The sacking of Iran’s foreign minister, Manouchehr Mottaki, on December 13, 2010, was a clear snub to Iran’s supreme leader, Ali Khamene’i, and opened another chapter in the ongoing power struggle between him and President Ahmadinejad. |
On December 13, 2010, while the foreign minister was on an official visit to Senegal, Ahmadinejad replaced Mottaki with Ali-Akbar Salehi, former Iran Atomic Energy Organization director.[1] Following the public outrage about dismissing a cabinet minister on a diplomatic mission, “an informed source” claimed that the government was unaware that Mottaki was abroad.[2] But upon release of the news that Ahmadinejad himself had ordered Mottaki to deliver a personal message to the Senegalese president,[3] first vice president Mohammed-Reza Rahimi and senior assistant Mojtaba Samareh Hashemi said that Mottaki had been informed of the dismissal prior to the trip—a claim which the foreign minister denied.[4]
A model career diplomat, Mottaki was never a key player in the Islamic Republic regime and owed his cabinet membership to Khamene’i. This, along with newly revealed information about the circumstances of his sacking, provides insights into Ahmadinejad’s real target: the supreme leader.
According to Ayandeh News, approximately a week prior to Mottaki’s dismissal, Ahmadinejad had privately complained to Khamene’i of “lack of coordination between [government] agencies and [the presidency’s] restricted authority” and had voiced his resolve to replace the foreign minister.

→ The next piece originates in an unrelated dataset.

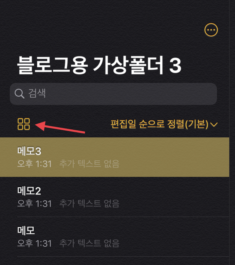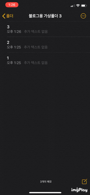 이렇게 "블로그용 가상폴더 3"이 "블로그용 가상폴더" 폴더의 하위 메뉴로 들어간 것을 확인할 수 있죠. 이렇게 하면 더 손쉽게 아이폰의 메모와 폴더 관리를 하실 수 있으실 겁니다.
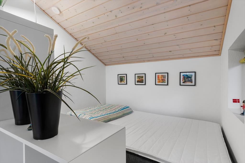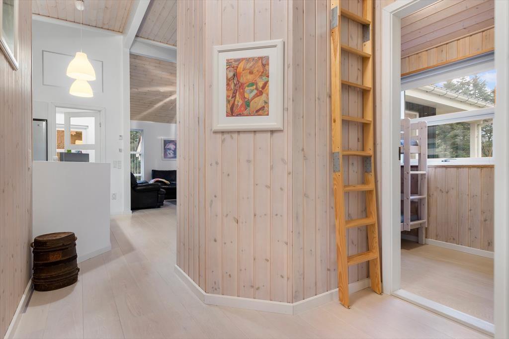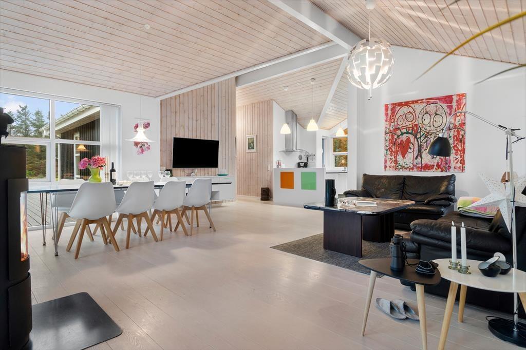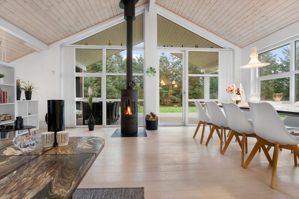 Når du træder indenfor i dette lyse sommerhus, bliver du mødt af et dejligt lysindfald fra de store vinduespartier, som giver rummene en åben og luftig atmosfære. Loftet går til kip, hvilket skaber en ekstra følelse af rummelighed og åbner op for den fine udsigt til naturen udenfor. Stuen og køkkenet er i åben forbindelse, hvilket giver den perfekte ramme for samvær med familie og venner. I stuen kan du slappe af foran den hyggelige brændeovn, der skaber varme og hygge på de køligere aftener. Sommerhuset har i alt fire soveværelser, samt en alkove i stuen så der er plads til hele familien eller en gruppe venner. Med to badeværelser, hvoraf det ene har et luksuriøst spabad, får du den perfekte mulighed for at forkæle dig selv efter en lang dag ved stranden.

No decision was made, and Ahmadinejad did not raise the issue on his next meeting with Khamene’i on December 6, 2010. However, upon leaving the supreme leader’s office, the president told one of Khamene’i’s secretaries that “he had forgotten to raise the issue of Mottaki’s dismissal with Ayatollah Khamene’i and asked him to inform him [Khamene’i] about it.”[5]
Khamene’i has hitherto failed to comment on Mottaki’s dismissal in public but gave the green light to various foes, such as parliamentarians and the press, to criticize Ahmadinejad.[6] He also opened another front against the president as the judiciary announced it was investigating corruption charges against Vice President Rahimi.[7] But as Ahmadinejad ignored the public outrage, Khamene’i took a defensive position. According to Ayandeh News, in a conversation “with one of the grandees,” Khamene’i stressed that “Mottaki’s dismissal had not been coordinated with him and that his approval had not been sought concerning appointment of the acting foreign minister [Ali-Akbar Salehi].”[8]
The President’s Permanent Purge
The sacking of Mottaki continues a relentless purge begun during Ahmadinejad’s first term in office. Upon entering the presidential palace in 2005, he faced the same challenge encountered by all his predecessors: Though the president has the prerogative of appointing cabinet ministers, more often than not, these appointments are imposed on him by the regime’s ruling elites.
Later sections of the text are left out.